Branch/Pull Time/Commit
-----------------------
2019-09-17

Timestamp/Logs
--------------
| 2019-09-19T | set | 200.006 | compute-12 is degraded due to the failure of its 'collectd' process. | host=compute-12. | major || 18:42:53. | | | Auto recovery of this major process is in progress. | process=collectd | |
| 122527

2019-09-19T18:42:13.000 [35470.01243] compute-12 pmond mon pmonMsg.cpp ( 701) pmon_service_inbox : Info : collectd process-restart ; by request
2019-09-19T18:42:14.000 [35470.01244] compute-12 pmond mon pmonFsm.cpp ( 565) pmon_passive_handler : Info : collectd stability period (10 secs)

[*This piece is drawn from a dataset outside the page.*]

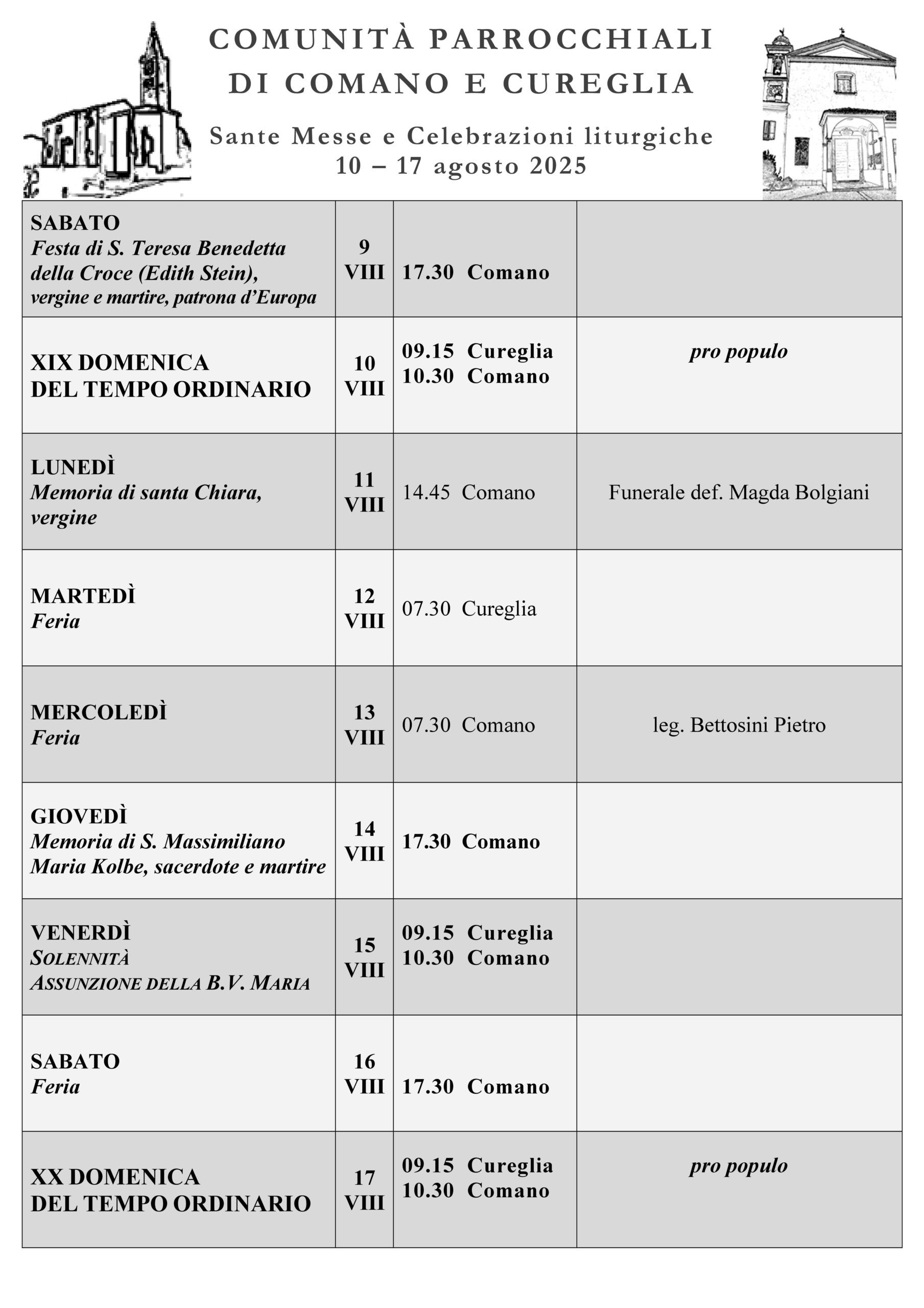 S. Messe e celebrazioni: 26 ottobre – 2 novembre 2025 don GiustinoOtt 27, 2025Ott 27, 2025 S. Messe e celebrazioni: 19 – 26 ottobre 2025 don GiustinoOtt 18, 2025Ott 18, 2025

2019-09-19T18:42:14.000 [35470.01245] compute-12 pmond mon pmonHdlr.cpp (1103) unregister_process : Info : collectd unregistered (3279726)
2019-09-19T18:42:14.000 [35470.01246] compute-12 pmond mon pmonHdlr.cpp (1205) respawn_process : Info : collectd restart of running process
2019-09-19T18:42:14.000 [35470.01247] compute-12 pmond mon pmonHdlr.cpp ( 942) kill_running_process : Warn : collectd kill succeeded (3279726)
2019-09-19T18:42:14.000 [35470.01248] compute-12 pmond mon pmonHdlr.cpp (1305) respawn_process : Info : collectd Spawn (3280578)
2019-09-19T18:42:14.000 [35470.01249] compute-12 pmond mon pmonFsm.cpp ( 577) pmon_passive_handler : Info : collectd Restarted
2019-09-19T18:42:15.525 [35470.01250] compute-12 pmond mon pmonHdlr.cpp (1138) register_process : Info : collectd Registered (3280587)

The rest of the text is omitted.